Christopher Monk detail

Christopher Monk

insrrument-maker and player

reprinted from The Independent, 20 July 1991

Christopher Monk was one of the best-loved figures in the world of early music and a notable eccentric in an admittedly crowded field. More than anyone else he has been responsible for the restoration to our soundworld of the Renaissance cornett, the beauty of which ancient writers compared to that of a choirboy’s voice; that one no longer hears works such as the 1610 Vespers with anything other than Monteverdi’s instrumentation is largely due to Monk’s influence as a player, maker, scholar and enthusiast.
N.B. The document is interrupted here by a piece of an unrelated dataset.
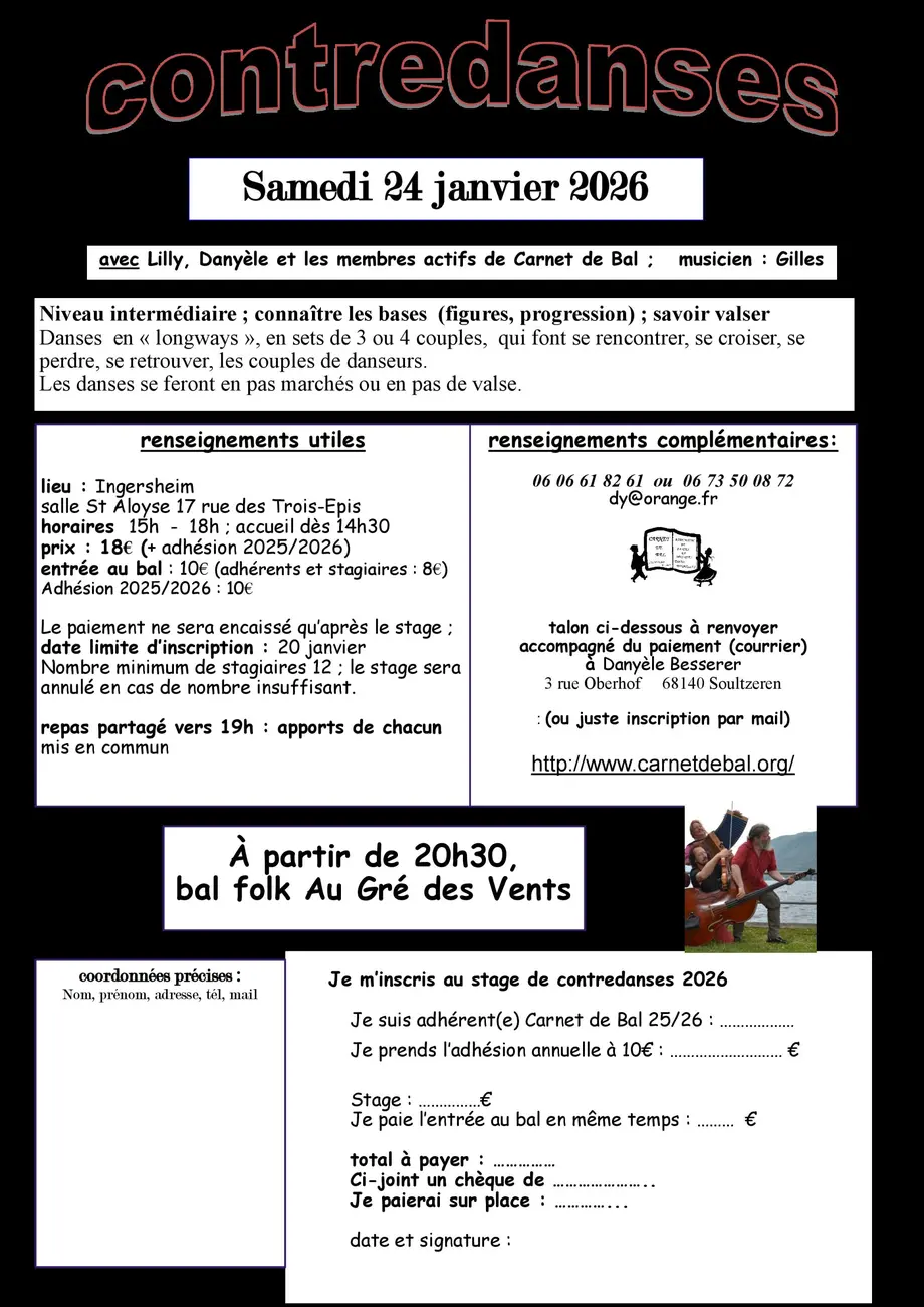 entrée au bal : 10€ (adhérents et stagiaires : 8€)

He read history at Oxford and studied the trumpet with George Eskdale. His first cornett was completed in 1955 while he was a prep school teacher - he taught first at Pocklington in the East Riding, then at St Edmunds, Hindhead; Tom Stoppard and Jonathan Dimbleby were among his pupils. The programme he made, with Brian Baker in 1958, for the BBC Third Programme was the first ever broadcast of the instruments, which were then widely thought to be unplayable. He was a pioneer player of the virtuoso parts in Monteverdi’s Vespers, taking part in performances organised by members of the Galpin Society in Cambridge in 1964, conducted by the student John Eliot Gardiner. (One of these was the occasion when his seventeenth-century cornett exploded into two halves; the performance continued with the instrument held together with postage stamps.) In 1968, with Len Ward, he devised a method of making cornetts of wood-filled resin; one soon learned not to refer to this material as “plastic” in his presence. These inexpensive instruments have been produced in their thousands and have done much to stimulate the instrument’s current revivial.

The London Serpent Trio in a publicity photograph taken in Highgate Cemetery c. 1974 from left: Alan Lumsden, Christopher Monk, Andrew van der Beek

Christopher Monk’s other main enthusiasm was for the cornett’s slightly disreputable cousin, the serpent. His improbably-named London Serpent Trio performed widely in Europe and North America and attracted compositions from composers including Judith Weir and P D Q Bach. Its success rested largely on the dry wit of the commentaries provided by Monk, who regardless of season or latitude invariably performed in an ancient Scottish morning coat of heavy tweed. The three “serpent festivals” in Britain and America that he either organised or inspired, to which he invited “all known or suspected serpent-players”, were a delightful mixture of academic conference and Hoffnung concert. At the last of these, in July 1990 in St John’s, Smith Square, he unveiled the only known contra-bass serpent d’église, which was to be one of his last instruments and an apt memorial.

Christopher’s many friends throughout the world will miss his charming company, the elaborate courtesy accorded to all he had dealings with, his uncomplaining tolerance of a series of misfortunes in his physical health (beginning with osteomyelitis at the age of 13), his impish sense of humour and his delight in confounding bureaucracy. Once when he needed an American work permit at short notice, in the box marked “complexion” I was unable to dissuade him from answering “ruddy”.

He delighted in his testimonial after wartime dervice in the merchant navy: “Cheerful company and a good plain cook in all weathers”.

Andrew van der Beek

Christopher William Monk, teacher, musician and instrument maker, born Delhi 28 December 1921, married 1946 Margaret Perry (one son, three daughters), died Midhurst 17 July 1991.